:: The records ::

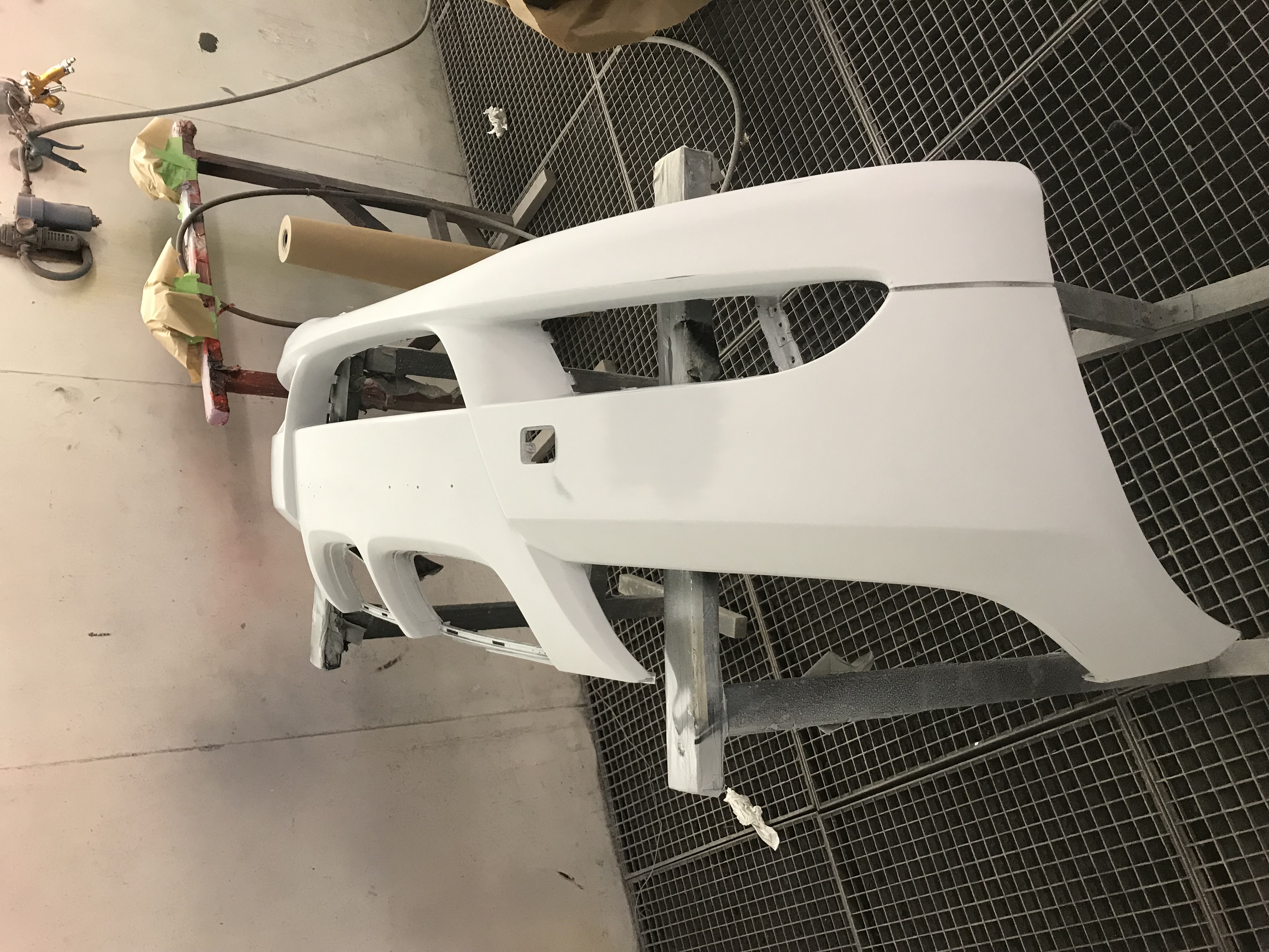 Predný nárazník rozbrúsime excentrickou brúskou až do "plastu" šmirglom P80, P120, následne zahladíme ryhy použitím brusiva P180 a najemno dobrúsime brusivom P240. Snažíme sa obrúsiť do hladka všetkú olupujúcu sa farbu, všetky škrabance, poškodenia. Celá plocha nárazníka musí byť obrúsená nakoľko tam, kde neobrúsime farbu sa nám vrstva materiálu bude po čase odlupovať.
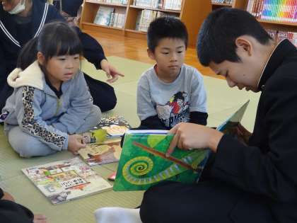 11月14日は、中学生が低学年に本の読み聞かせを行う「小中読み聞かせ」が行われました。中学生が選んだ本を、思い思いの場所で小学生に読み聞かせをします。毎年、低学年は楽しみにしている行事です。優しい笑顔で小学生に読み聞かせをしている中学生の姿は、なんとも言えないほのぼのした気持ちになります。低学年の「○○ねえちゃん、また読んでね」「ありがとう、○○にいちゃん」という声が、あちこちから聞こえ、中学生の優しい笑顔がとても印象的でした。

:::
:: The records ::

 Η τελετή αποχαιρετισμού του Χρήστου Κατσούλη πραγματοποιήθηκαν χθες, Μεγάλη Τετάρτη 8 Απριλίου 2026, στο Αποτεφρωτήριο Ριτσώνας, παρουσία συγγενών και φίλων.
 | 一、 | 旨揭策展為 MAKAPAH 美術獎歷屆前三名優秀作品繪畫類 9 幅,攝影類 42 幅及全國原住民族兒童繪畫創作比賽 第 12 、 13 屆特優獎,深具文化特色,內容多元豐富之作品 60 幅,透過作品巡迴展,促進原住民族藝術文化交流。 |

:::

◆ Your objective
Using the listing above, reproduce word for word every line from the one containing "Predný nárazník rozbrúsime" through the one containing "11月14日は、中学生が低学". Pictures must be left out.

◆ Written answer
 Predný nárazník rozbrúsime excentrickou brúskou až do "plastu" šmirglom P80, P120, následne zahladíme ryhy použitím brusiva P180 a najemno dobrúsime brusivom P240. Snažíme sa obrúsiť do hladka všetkú olupujúcu sa farbu, všetky škrabance, poškodenia. Celá plocha nárazníka musí byť obrúsená nakoľko tam, kde neobrúsime farbu sa nám vrstva materiálu bude po čase odlupovať.
 11月14日は、中学生が低学年に本の読み聞かせを行う「小中読み聞かせ」が行われました。中学生が選んだ本を、思い思いの場所で小学生に読み聞かせをします。毎年、低学年は楽しみにしている行事です。優しい笑顔で小学生に読み聞かせをしている中学生の姿は、なんとも言えないほのぼのした気持ちになります。低学年の「○○ねえちゃん、また読んでね」「ありがとう、○○にいちゃん」という声が、あちこちから聞こえ、中学生の優しい笑顔がとても印象的でした。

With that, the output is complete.